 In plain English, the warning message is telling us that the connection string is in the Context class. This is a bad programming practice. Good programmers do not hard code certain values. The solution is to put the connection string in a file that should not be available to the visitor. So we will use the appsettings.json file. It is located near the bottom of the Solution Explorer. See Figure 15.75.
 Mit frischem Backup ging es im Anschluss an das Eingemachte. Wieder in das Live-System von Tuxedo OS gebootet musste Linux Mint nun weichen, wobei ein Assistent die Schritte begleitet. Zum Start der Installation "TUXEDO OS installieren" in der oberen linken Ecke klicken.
··········
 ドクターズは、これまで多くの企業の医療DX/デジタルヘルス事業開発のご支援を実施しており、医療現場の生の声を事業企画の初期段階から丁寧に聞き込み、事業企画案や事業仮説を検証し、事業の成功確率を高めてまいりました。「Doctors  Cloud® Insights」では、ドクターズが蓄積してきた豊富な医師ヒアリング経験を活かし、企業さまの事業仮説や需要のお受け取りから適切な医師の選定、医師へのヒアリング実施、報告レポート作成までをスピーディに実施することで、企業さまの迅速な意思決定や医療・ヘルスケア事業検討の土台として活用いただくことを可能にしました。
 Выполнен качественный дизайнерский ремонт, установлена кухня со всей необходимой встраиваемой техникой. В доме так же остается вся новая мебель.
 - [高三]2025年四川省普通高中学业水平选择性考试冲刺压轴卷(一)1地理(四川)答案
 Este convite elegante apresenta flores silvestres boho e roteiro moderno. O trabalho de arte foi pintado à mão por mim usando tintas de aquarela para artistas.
··········
- _Activity_
Out of the listing above, reproduce exactly the lines from the one with "Выполнен качественный дизайнерский" up to and including the one with "Este convite elegante".

- _Solution to the problem_
 Выполнен качественный дизайнерский ремонт, установлена кухня со всей необходимой встраиваемой техникой. В доме так же остается вся новая мебель.
 - [高三]2025年四川省普通高中学业水平选择性考试冲刺压轴卷(一)1地理(四川)答案
 Este convite elegante apresenta flores silvestres boho e roteiro moderno. O trabalho de arte foi pintado à mão por mim usando tintas de aquarela para artistas.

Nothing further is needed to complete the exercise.